Mit dieser Ausstellung, so Eva Kreissl, möchte man vor allem dazu anregen, den Kategorisierungen von „wahr“ und „falsch“ skeptisch zu begegnen. Wenn, angesichts von Exponaten wie Freisenbeinchen, Kreuzschlüsseln oder Schluckbildern, Abwehr- und Heilmittel zunächst widersprüchlich und verworren erscheinen mögen, so liegt dem Aberglauben über gewisse Zusammenhänge eine immer wieder ersichtliche Systematik zugrunde, beispielsweise in der aus der barocken Sympathetik fortgeführten Methode, „Gleiches gegen Gleiches“ anzuwenden. Beziehungsweise dürften Auslegungen und Methoden nach Prinzipien „Wie oben, so unten“, „Wie einmal, so immer“ in Lehren des Neuplatonismus ihren Ursprung haben.

Bemerkenswert – und in der Ausstellung plausibel dargelegt – ist, dass Teile solchen Parallelglaubens sich aus den kanonisierten Formen der Religion entwickelten, also im eigentlichen Sinn als abergläubisch verstanden werden: Heilige Längen etwa sind Papier- oder Textilstreifen in der „Länge“ diverser Heiliger, die mit Gebeten und Abbildungen bedruckt sind. Zur Erleichterung einer Geburt, zum Schutz vor Zauber und Krankheiten wurden die Längen als Amulette am Körper getragen. Magische Heilpraktiken, wiederum auf die Lebensgeschichte von Heiligen rekurrierend, waren mit Opferringen verbunden. Binden und Lösen wird auf die Gebete des Hl. Leonhard zurückgeführt, die bewirkten, dass Gefangene von ihren Ketten befreit wurden.
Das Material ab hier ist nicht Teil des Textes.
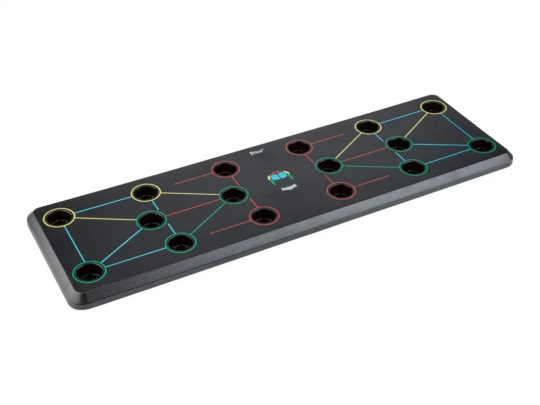 Seguramente hayas visto en la teletienda o en anuncios un aparato similar a este. Es una tabla de flexiones multifunción, para trabajar el pecho desde distintos ángulos. Simplemente colocas las agarraderas en la posición deseada (12 diferentes) y entrenas, algo que te servirá para pecho, tríceps, espalda y otros grupos musculares.

Der Opferring aus gedrehtem Eisen wurde bei Kopfschmerzen aufgesetzt, damit der Altar umrundet und der Ring als Votivgabe hinterlassen. Man war von seinen Schmerzen entbunden. Was es mit solchen Dingen und Praktiken auf sich hat, davon erzählt an mehreren Hörstationen der Schriftsteller Bodo Hell.

Aberglauben – Aberwissen beleuchtet aber auch gegenwärtige Phänomene wie die Suche nach den richtigen Lottozahlen, Freundschaftsbänder von Jugendlichen oder den zum Jahreswechsel verschenkten Glücksbringer. Um den bisherigen Sammlungsbestand zu ergänzen, erstellt das Landesmuseum Joanneum außerdem eine Datenbank, in der Bilder und Erzählungen von Ausstellungsbesuchern anonym verzeichnet werden.

Wer’s glaubt, darf sich im Volkskundemuseum umfassend geschützt (vielleicht versichert?) fühlen.